Knowing the signs of heart disease and starting treatment early can make a big difference to your pet's quality of life and longevity.

The most common form of heart disease leads to a failure of the pumping mechanism of the heart. It is often referred to as congestive failure as it results in pooling of blood in the lungs and other organs.

Look out for these signs

In both dogs and cats:

  • Laboured or fast breathing (your pet’s respiration rate when sleeping (not dreaming!) should be under 20)
  • An enlarged abdomen
  • Weight loss or poor appetite

In dogs only:

  • Coughing, especially at night or after lying down
  • A reluctance to exercise and tiring more easily on walks
  • Weakness or fainting associated with exercise

If you think your pet might be showing signs of heart disease, call us for an appointment. Early treatment of this insidious disease will help your pet live a longer and happier life.

06 Abbey - Pet Focus for August
Abbey

Abbey is a 10 year old Fox Terrier who came into us for an eye ulcer, but then a small hairless lump was noted on the side of her tummy. Fine needle tests detected a mast cell tumour - these are extremely variable in behaviour.

When dealing with cancer, the very first surgery we do is the best chance we have to effect a cure, and to do that we need to "stage" the tumour via biopsies, ultrasounds and radiographs.
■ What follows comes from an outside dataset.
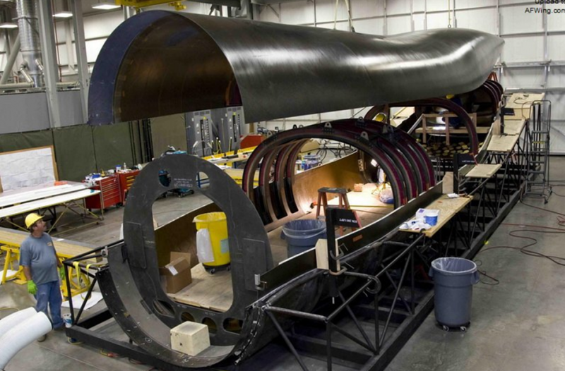 新机身长19.8米,机身顶部和机腹蒙皮、保形框、地板支撑结构、货舱门、压力隔框、整流罩都使用MTM-45非热压炉复合材料。之前复合材料的标准树脂都需要在热压炉内以高压和177摄氏度的高温下才能固化,需要坚硬的夹具配合,而且零件尺寸也受热压炉大小所限制。而MTM-45只需真空压力,并加温到摄氏71到93度就能固化,沿零件四周很容易安装加温设备,零件尺寸不会受到热压炉大小的限制。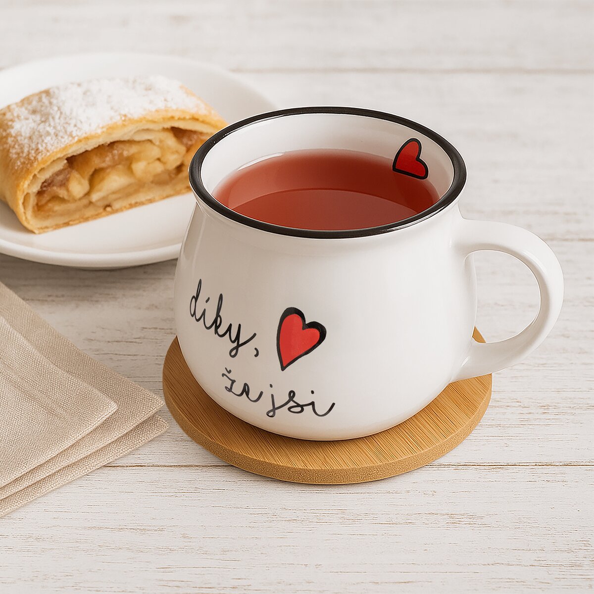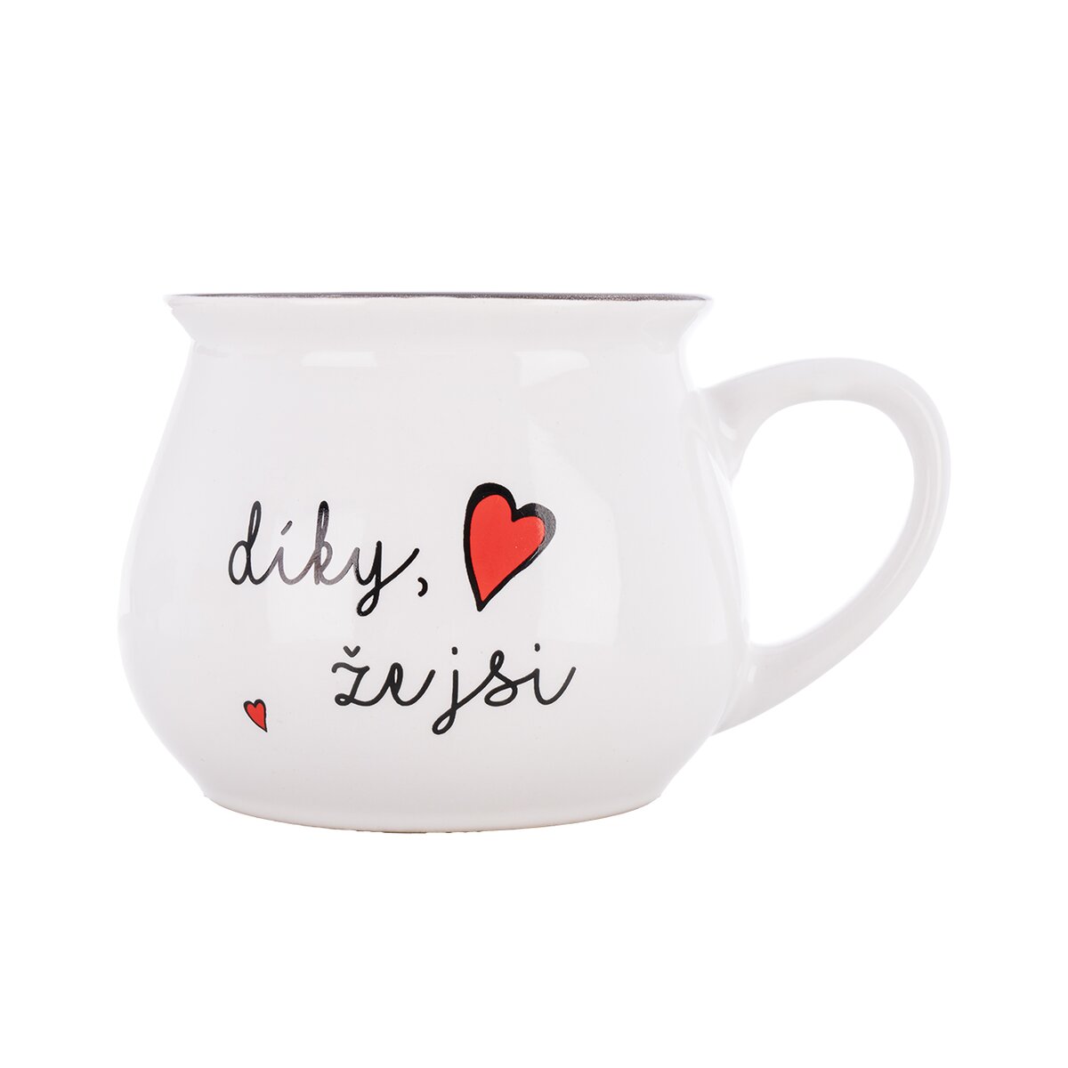 Kód produktu 132222Baculatý keramický hrnek o objemu 300 ml zdobí nápis "Díky, že jsi" a je určen k podávání teplých i studených nápojů.

Abbey's abdominal ultrasound and chest radiographs were all clear, but in clipping up for biopsy, another three lumps were identified. All four lumps were biopsied - two were moderately active mast cell tumours and two were benign lipomas not requiring removal at all.

Abbey returned for surgery for tumour removal, and in spite of being such a little dog, both tumours were successfully removed during the one procedure with 20mm margins. She is now at home slowly recuperating from an adventurous month - our thoughts are with you Abbey!